*TASK DESCRIPTION*. In the listing below, find the line containing "Pandantiv din aur" and the line containing "Taryn Passed away.", then copy exactly everything from the first through the second, except the pictures.

*RECORDS SHOWN*.
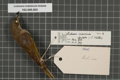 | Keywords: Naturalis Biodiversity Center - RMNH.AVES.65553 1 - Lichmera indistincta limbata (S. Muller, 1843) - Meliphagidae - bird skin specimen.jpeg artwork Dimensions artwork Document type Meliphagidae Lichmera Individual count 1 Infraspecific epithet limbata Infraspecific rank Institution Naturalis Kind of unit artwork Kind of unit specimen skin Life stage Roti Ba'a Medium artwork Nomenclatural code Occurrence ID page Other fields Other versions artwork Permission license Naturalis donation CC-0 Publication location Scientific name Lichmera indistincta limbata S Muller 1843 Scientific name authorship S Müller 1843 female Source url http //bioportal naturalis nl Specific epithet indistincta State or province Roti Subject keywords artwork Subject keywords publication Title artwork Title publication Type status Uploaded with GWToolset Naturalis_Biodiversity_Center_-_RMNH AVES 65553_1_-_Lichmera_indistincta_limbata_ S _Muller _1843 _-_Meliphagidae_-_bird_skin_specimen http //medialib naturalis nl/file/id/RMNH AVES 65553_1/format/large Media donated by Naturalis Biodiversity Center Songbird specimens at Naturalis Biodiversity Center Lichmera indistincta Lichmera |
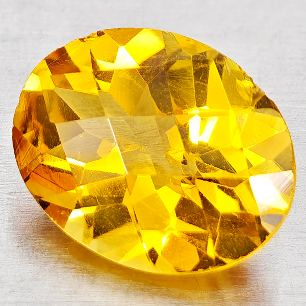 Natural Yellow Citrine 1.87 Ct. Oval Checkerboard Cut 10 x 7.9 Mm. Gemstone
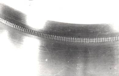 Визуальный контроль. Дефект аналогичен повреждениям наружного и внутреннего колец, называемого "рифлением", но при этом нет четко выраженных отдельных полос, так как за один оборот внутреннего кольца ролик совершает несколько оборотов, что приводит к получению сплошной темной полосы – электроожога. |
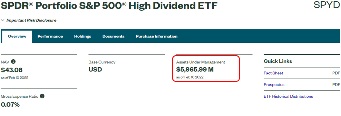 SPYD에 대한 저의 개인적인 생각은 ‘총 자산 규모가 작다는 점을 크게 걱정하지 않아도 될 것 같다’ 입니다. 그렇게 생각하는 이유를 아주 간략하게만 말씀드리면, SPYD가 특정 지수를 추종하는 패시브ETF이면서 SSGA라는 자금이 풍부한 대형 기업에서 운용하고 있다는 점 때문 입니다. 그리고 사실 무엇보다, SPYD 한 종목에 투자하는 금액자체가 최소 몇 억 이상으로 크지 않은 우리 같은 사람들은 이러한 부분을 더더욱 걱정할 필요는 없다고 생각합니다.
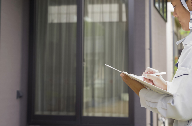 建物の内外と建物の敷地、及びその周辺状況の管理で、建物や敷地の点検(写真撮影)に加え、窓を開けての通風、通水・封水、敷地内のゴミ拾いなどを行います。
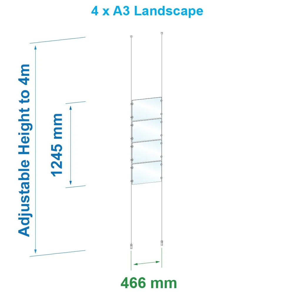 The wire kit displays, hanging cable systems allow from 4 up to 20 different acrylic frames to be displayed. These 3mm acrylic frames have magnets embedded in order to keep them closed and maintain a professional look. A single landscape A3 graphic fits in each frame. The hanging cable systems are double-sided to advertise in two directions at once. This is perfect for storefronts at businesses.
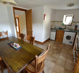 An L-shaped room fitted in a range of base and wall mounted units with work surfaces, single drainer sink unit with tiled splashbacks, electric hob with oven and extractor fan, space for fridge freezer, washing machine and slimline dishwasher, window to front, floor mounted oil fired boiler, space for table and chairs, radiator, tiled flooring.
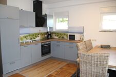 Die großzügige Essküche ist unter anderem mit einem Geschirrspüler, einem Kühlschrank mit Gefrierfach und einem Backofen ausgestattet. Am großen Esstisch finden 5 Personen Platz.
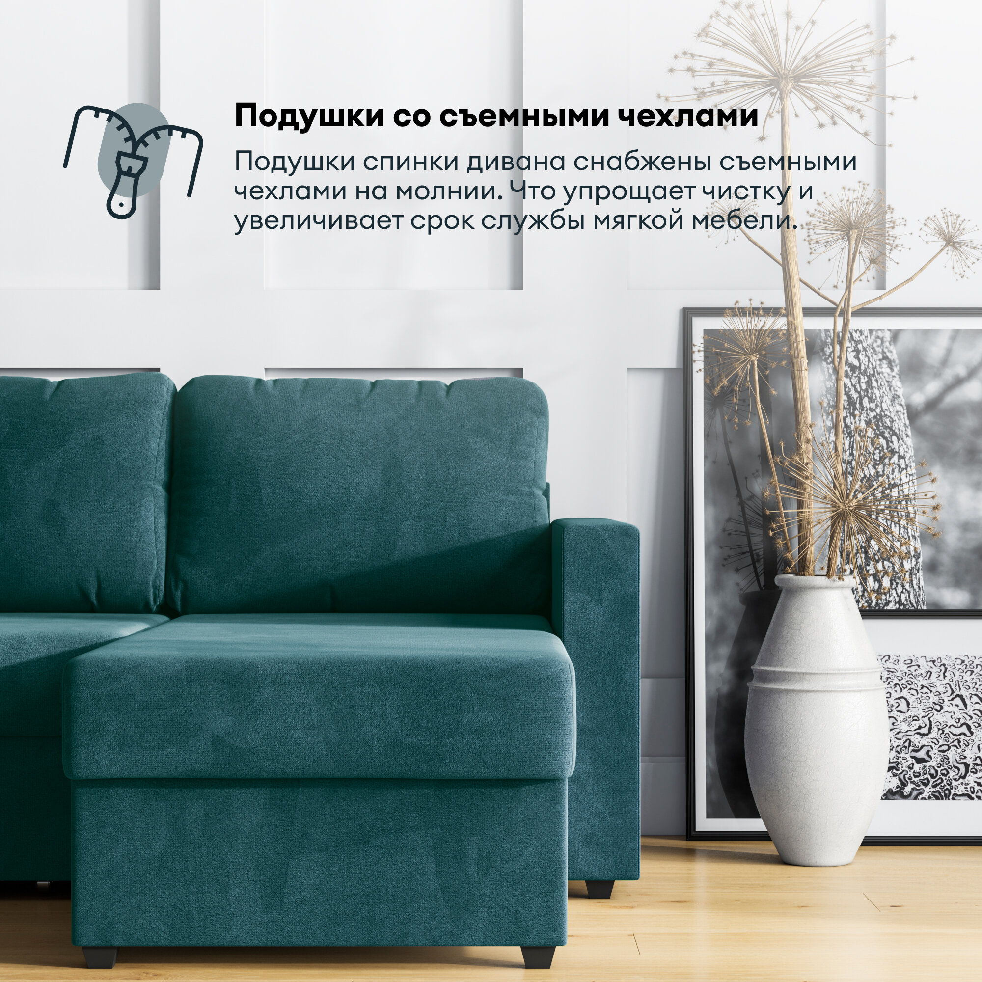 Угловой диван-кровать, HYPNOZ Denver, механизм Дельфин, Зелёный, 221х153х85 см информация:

==

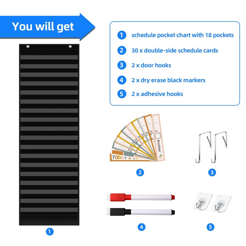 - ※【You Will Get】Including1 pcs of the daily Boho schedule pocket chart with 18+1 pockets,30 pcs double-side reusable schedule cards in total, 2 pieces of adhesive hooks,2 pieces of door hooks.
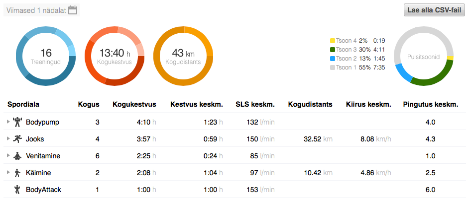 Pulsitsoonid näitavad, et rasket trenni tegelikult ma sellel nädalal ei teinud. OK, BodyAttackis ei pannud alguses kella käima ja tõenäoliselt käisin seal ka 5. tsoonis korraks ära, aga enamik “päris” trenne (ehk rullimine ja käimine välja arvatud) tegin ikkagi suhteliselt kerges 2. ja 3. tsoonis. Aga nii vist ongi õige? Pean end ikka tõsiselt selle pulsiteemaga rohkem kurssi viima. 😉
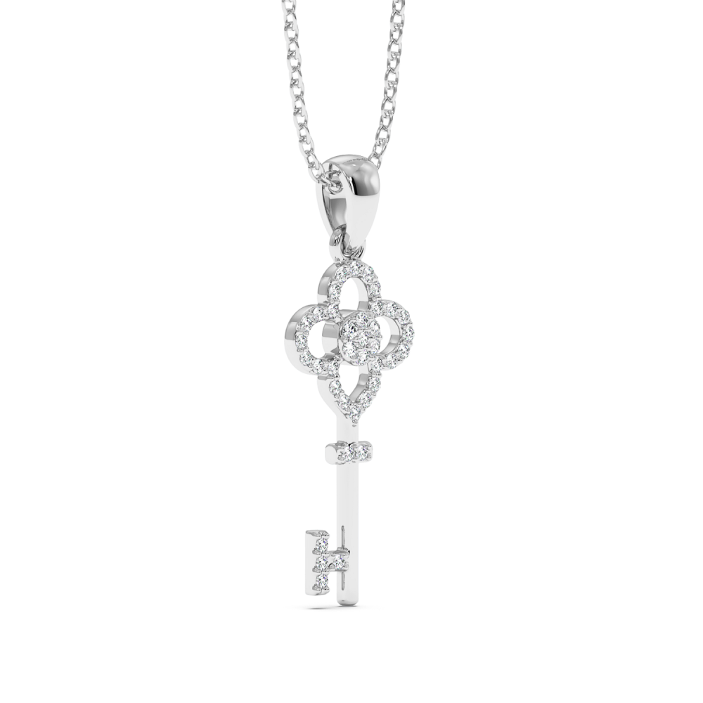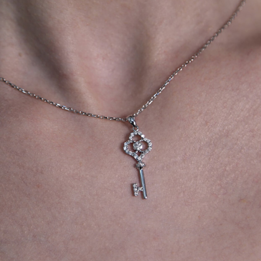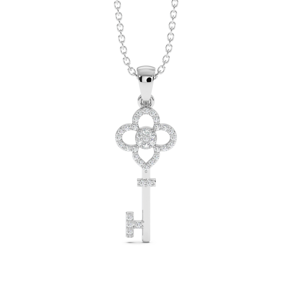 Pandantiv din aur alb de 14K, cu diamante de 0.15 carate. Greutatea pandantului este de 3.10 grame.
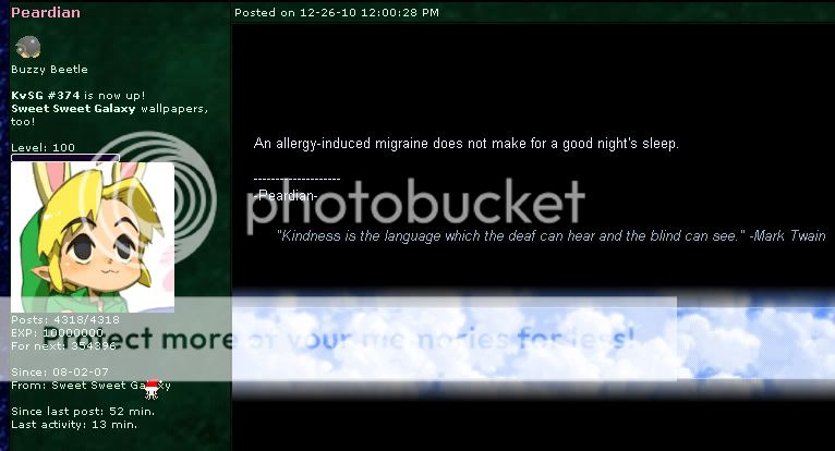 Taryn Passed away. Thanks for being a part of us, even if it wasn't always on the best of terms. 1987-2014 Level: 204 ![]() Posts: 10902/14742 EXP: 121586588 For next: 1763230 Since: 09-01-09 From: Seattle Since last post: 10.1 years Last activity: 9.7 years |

--

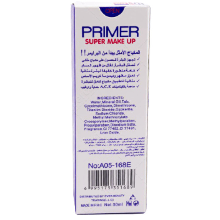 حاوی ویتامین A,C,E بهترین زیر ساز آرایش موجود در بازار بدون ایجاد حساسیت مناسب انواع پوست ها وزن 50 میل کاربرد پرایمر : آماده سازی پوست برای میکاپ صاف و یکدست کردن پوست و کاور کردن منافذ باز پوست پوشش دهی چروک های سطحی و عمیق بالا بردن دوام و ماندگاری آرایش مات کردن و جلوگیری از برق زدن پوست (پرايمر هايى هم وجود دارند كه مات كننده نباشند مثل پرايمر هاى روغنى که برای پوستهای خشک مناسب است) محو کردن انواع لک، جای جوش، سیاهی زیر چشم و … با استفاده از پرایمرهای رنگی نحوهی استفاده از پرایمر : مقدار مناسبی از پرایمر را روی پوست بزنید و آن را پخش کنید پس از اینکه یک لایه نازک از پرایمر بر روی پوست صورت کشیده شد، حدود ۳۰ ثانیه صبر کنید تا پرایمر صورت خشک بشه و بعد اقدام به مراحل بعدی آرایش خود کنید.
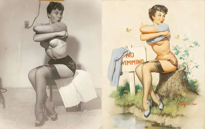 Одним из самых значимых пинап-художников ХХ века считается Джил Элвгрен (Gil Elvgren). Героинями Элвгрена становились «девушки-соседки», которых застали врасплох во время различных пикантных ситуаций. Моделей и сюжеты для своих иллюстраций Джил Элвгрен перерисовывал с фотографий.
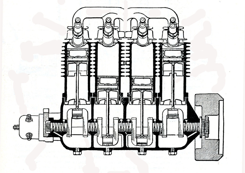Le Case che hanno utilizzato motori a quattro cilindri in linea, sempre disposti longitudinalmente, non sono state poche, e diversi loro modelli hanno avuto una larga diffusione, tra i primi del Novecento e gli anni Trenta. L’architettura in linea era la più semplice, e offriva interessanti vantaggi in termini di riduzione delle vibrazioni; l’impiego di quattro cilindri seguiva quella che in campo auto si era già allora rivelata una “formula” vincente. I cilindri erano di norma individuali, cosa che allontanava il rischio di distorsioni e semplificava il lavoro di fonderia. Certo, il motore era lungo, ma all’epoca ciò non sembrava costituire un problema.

*EXERCISE OUTPUT*.
 Pandantiv din aur alb de 14K, cu diamante de 0.15 carate. Greutatea pandantului este de 3.10 grame.
 Taryn Passed away. Thanks for being a part of us, even if it wasn't always on the best of terms. 1987-2014 Level: 204 ![]() Posts: 10902/14742 EXP: 121586588 For next: 1763230 Since: 09-01-09 From: Seattle Since last post: 10.1 years Last activity: 9.7 years |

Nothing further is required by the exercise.